Status Update Templates

Investigating:

[Investigating] We are aware of issues affecting [component]. Our team is investigating. We will provide an update within 30 minutes.

Identified:

[Identified] The issue has been identified as [brief description]. We are working on a fix. ETA for resolution: [time estimate].

Monitoring:

[Monitoring] A fix has been deployed. We are monitoring the system for stability. Service should be fully restored.

Resolved:

[Resolved] The incident affecting [component] has been resolved. Duration: [X hours/minutes]. Root cause: [brief summary]. A full post-incident review will follow.
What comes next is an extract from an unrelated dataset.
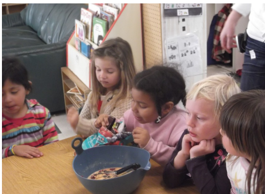
♪ Wednesday Zooop! ♪

7. Post-Incident Review Template

Complete this template within 48 hours of incident resolution.

# Post-Incident Review: [INCIDENT-TITLE]
**Date**: YYYY-MM-DD
**Duration**: HH:MM
**Severity**: Critical / High / Medium / Low
**Author**: [Name]
## Timeline
| Time (UTC) | Event |
|------------|-------|
| HH:MM | First alert / detection |
| HH:MM | Investigation started |
| HH:MM | Root cause identified |
| HH:MM | Fix deployed |
| HH:MM | Service confirmed restored |
## Root Cause
[Detailed description of what went wrong and why.]
## Impact
- **Users affected**: [number or percentage]
- **Data loss**: [none / description]
- **Duration of degradation**: [time]
- **Revenue impact**: [if applicable]
## What Went Well
- [Item]
## What Could Be Improved
- [Item]
## Corrective Actions
| Action | Owner | Due Date | Status |
|--------|-------|----------|--------|
| [Action item] | [Name] | YYYY-MM-DD | Pending |
## Lessons Learned
[Key takeaways for the team.]

Status Pages

ServiceURL
Neon Statushttps://neonstatus.com
Cloudflare Statushttps://www.cloudflarestatus.com

Management Consoles

ServiceURL
Neon Consolehttps://console.neon.tech
Cloudflare Dashboardhttps://dash.cloudflare.com
GitHub Repositoryhttps://github.com/jaypatrick/bloqr-compiler
GitHub Issueshttps://github.com/jaypatrick/bloqr-compiler/issues

Quick Reference Commands

Terminal window
# Check Worker health
curl -s https://bloqr-backend.workers.dev/health | jq .
# Tail Worker logs
wrangler tail
# List current secrets (names only)
wrangler secret list
# Rotate a secret
wrangler secret put SECRET_NAME
# Redeploy the Worker
wrangler deploy
# Check D1 database status
wrangler d1 info bloqr-backend-db
# Check KV namespace
wrangler kv namespace list

Remember: In a real incident, communicate early and often. A wrong estimate updated frequently is better than silence. Follow the runbooks, but use judgment — every incident is unique.